# TASK ITEM
This exercise calls for the records to be returned exactly, with images removed.

.....

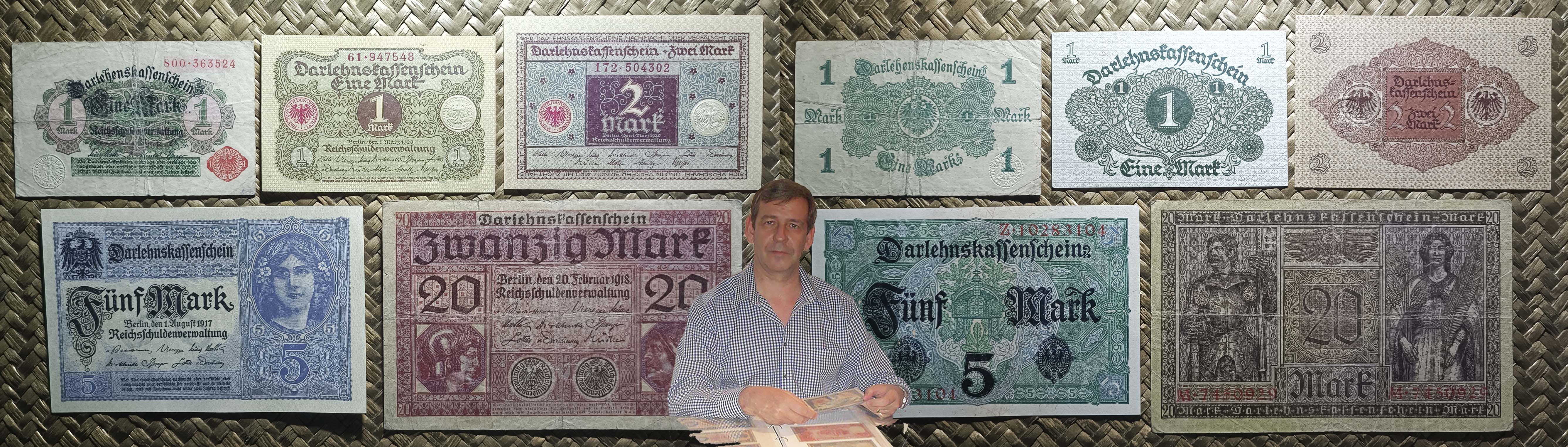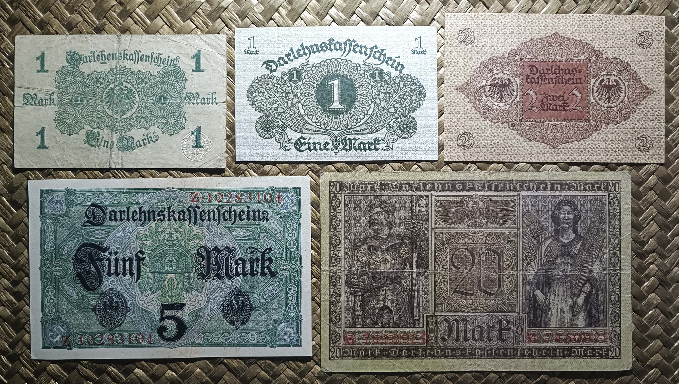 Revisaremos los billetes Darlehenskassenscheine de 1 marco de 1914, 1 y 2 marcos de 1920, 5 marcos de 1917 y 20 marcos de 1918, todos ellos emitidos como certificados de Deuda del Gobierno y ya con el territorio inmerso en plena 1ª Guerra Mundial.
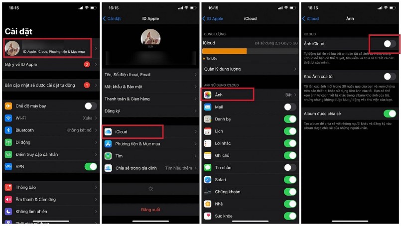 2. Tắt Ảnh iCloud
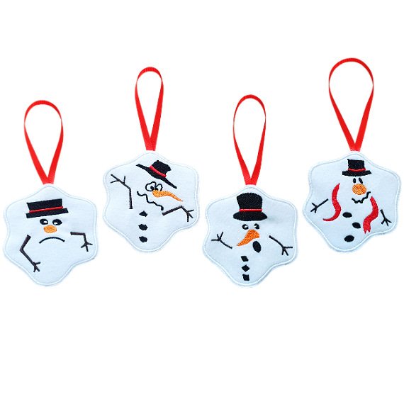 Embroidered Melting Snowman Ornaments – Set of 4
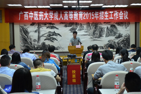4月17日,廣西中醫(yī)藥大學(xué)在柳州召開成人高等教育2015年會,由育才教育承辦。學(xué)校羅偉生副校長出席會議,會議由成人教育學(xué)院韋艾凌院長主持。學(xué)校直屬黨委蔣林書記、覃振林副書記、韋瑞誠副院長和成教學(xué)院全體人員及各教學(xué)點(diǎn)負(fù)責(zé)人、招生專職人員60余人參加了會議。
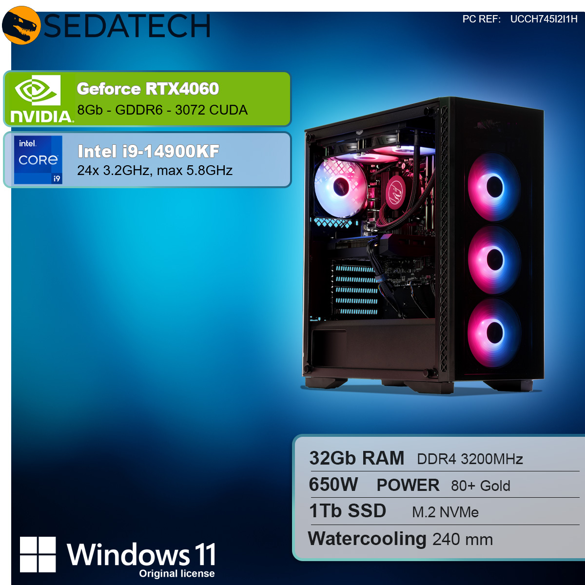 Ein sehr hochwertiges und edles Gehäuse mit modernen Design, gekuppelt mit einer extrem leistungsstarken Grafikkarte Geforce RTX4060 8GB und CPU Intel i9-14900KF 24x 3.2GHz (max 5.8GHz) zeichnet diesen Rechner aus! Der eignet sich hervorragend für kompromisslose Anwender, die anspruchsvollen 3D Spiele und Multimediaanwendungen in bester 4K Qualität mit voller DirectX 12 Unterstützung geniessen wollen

.....

# YOUR RESPONSE
 Revisaremos los billetes Darlehenskassenscheine de 1 marco de 1914, 1 y 2 marcos de 1920, 5 marcos de 1917 y 20 marcos de 1918, todos ellos emitidos como certificados de Deuda del Gobierno y ya con el territorio inmerso en plena 1ª Guerra Mundial.
 2. Tắt Ảnh iCloud
 Embroidered Melting Snowman Ornaments – Set of 4
4月17日,廣西中醫(yī)藥大學(xué)在柳州召開成人高等教育2015年會,由育才教育承辦。學(xué)校羅偉生副校長出席會議,會議由成人教育學(xué)院韋艾凌院長主持。學(xué)校直屬黨委蔣林書記、覃振林副書記、韋瑞誠副院長和成教學(xué)院全體人員及各教學(xué)點(diǎn)負(fù)責(zé)人、招生專職人員60余人參加了會議。
 Ein sehr hochwertiges und edles Gehäuse mit modernen Design, gekuppelt mit einer extrem leistungsstarken Grafikkarte Geforce RTX4060 8GB und CPU Intel i9-14900KF 24x 3.2GHz (max 5.8GHz) zeichnet diesen Rechner aus! Der eignet sich hervorragend für kompromisslose Anwender, die anspruchsvollen 3D Spiele und Multimediaanwendungen in bester 4K Qualität mit voller DirectX 12 Unterstützung geniessen wollen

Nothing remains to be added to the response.